**WHAT IS BEING ASKED**. Leaving out all pictures, write out word for word the lines from the one containing "Vse sobe so" to the end of the data below.

**RECORD EXTRACTS**.
=== Begin Enclosure ===

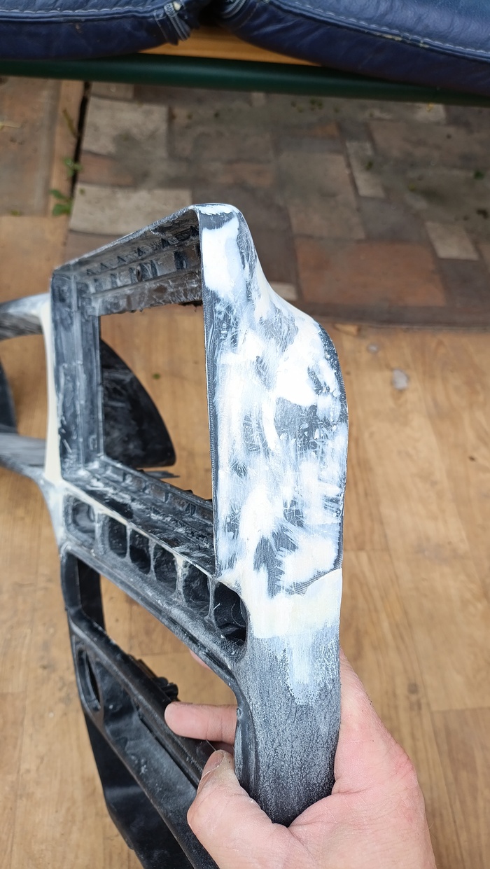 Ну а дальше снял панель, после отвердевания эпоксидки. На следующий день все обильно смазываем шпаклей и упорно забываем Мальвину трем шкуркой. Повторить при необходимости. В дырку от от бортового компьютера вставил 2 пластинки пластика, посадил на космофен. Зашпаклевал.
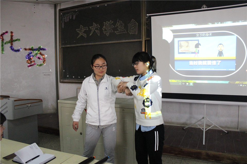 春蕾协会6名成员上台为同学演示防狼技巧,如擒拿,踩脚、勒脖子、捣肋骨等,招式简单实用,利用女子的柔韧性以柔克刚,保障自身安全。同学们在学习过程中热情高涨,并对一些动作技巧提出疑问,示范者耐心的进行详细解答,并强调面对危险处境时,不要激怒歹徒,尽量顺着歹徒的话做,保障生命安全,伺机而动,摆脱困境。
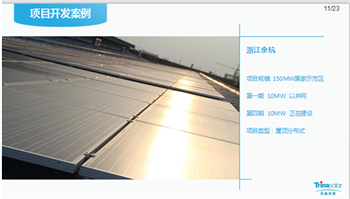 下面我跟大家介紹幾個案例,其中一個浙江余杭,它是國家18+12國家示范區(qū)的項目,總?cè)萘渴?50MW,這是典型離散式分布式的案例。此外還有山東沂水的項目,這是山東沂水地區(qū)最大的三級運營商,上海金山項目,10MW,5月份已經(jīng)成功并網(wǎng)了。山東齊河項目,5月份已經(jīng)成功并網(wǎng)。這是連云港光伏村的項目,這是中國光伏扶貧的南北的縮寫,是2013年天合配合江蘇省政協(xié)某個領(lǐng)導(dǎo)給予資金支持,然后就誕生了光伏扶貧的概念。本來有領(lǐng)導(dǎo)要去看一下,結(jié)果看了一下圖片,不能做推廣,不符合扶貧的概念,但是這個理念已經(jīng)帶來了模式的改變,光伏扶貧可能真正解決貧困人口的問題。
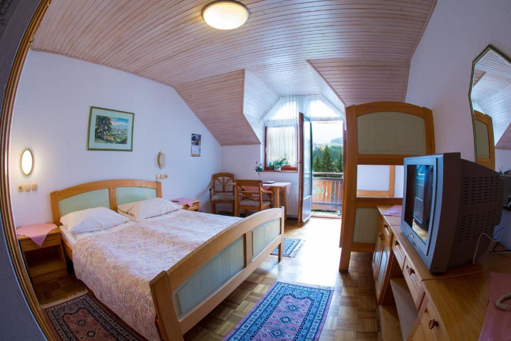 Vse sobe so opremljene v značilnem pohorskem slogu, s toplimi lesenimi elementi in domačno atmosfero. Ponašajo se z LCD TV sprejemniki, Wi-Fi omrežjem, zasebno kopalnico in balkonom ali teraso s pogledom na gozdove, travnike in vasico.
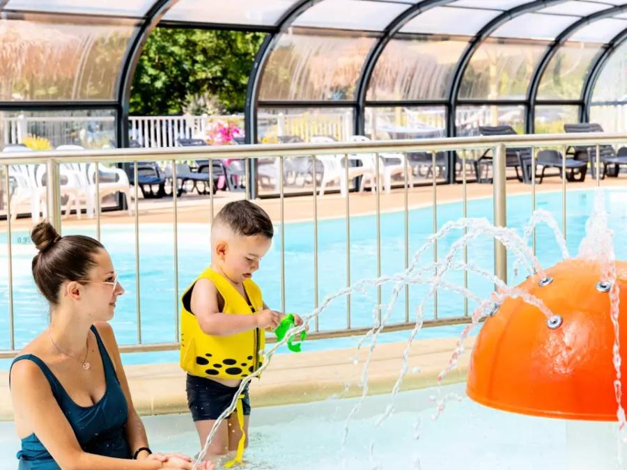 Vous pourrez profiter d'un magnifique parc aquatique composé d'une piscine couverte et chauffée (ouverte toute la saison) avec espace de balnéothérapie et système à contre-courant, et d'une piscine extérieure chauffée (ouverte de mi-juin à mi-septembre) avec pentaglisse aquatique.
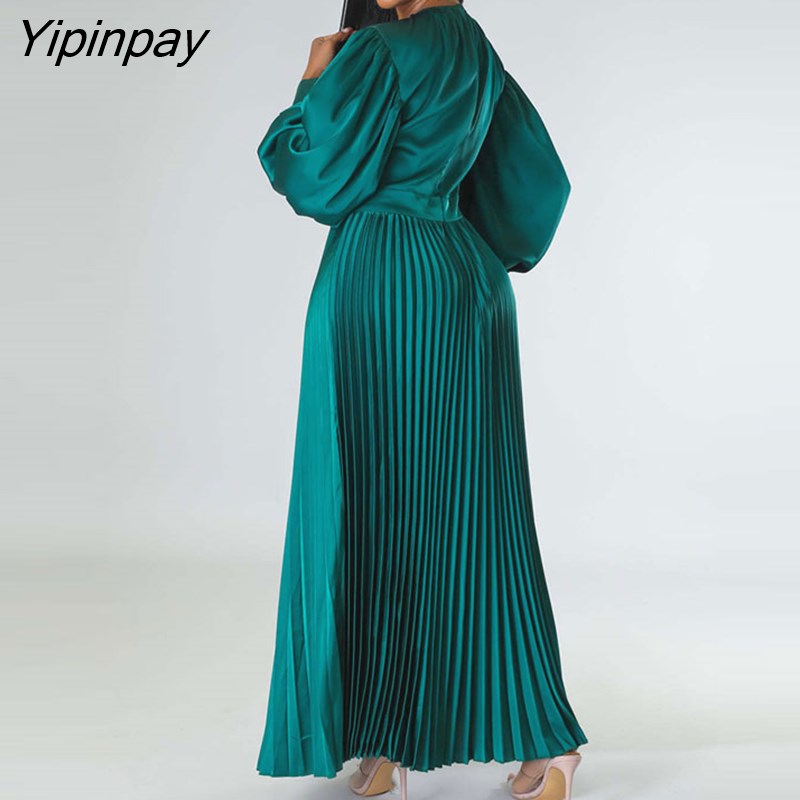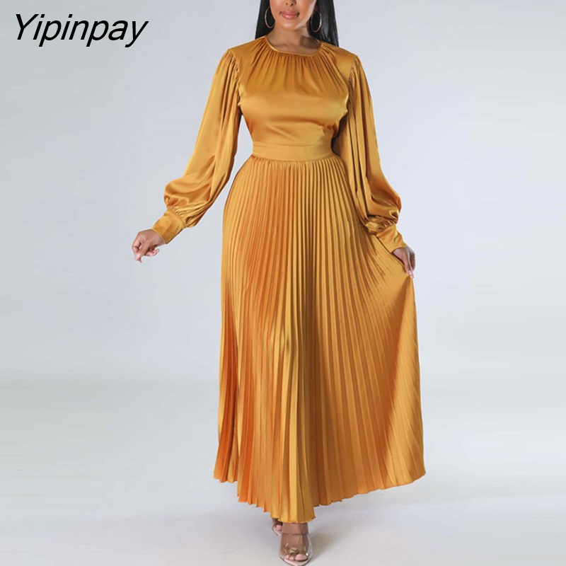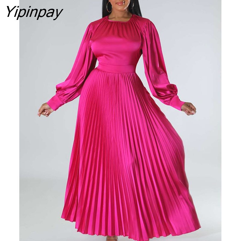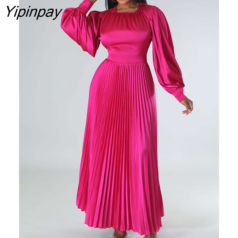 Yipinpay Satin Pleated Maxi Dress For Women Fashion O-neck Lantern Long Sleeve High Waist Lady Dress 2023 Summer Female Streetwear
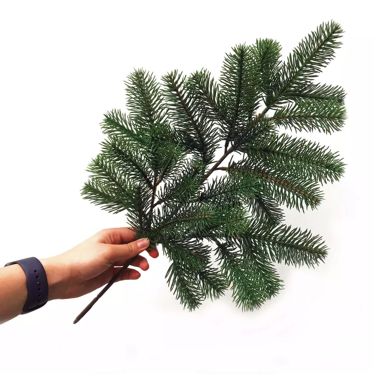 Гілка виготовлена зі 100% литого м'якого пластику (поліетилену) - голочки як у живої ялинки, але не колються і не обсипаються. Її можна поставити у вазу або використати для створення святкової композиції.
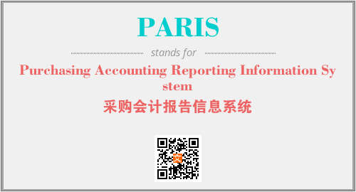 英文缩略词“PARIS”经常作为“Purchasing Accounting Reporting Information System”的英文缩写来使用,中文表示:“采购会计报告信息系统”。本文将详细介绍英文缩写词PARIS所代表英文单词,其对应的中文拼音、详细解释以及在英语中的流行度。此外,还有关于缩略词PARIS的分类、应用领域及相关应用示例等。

=== End Enclosure ===

**ANSWER BOX**.
 Vse sobe so opremljene v značilnem pohorskem slogu, s toplimi lesenimi elementi in domačno atmosfero. Ponašajo se z LCD TV sprejemniki, Wi-Fi omrežjem, zasebno kopalnico in balkonom ali teraso s pogledom na gozdove, travnike in vasico.
 Vous pourrez profiter d'un magnifique parc aquatique composé d'une piscine couverte et chauffée (ouverte toute la saison) avec espace de balnéothérapie et système à contre-courant, et d'une piscine extérieure chauffée (ouverte de mi-juin à mi-septembre) avec pentaglisse aquatique.
 Yipinpay Satin Pleated Maxi Dress For Women Fashion O-neck Lantern Long Sleeve High Waist Lady Dress 2023 Summer Female Streetwear
 Гілка виготовлена зі 100% литого м'якого пластику (поліетилену) - голочки як у живої ялинки, але не колються і не обсипаються. Її можна поставити у вазу або використати для створення святкової композиції.
 英文缩略词“PARIS”经常作为“Purchasing Accounting Reporting Information System”的英文缩写来使用,中文表示:“采购会计报告信息系统”。本文将详细介绍英文缩写词PARIS所代表英文单词,其对应的中文拼音、详细解释以及在英语中的流行度。此外,还有关于缩略词PARIS的分类、应用领域及相关应用示例等。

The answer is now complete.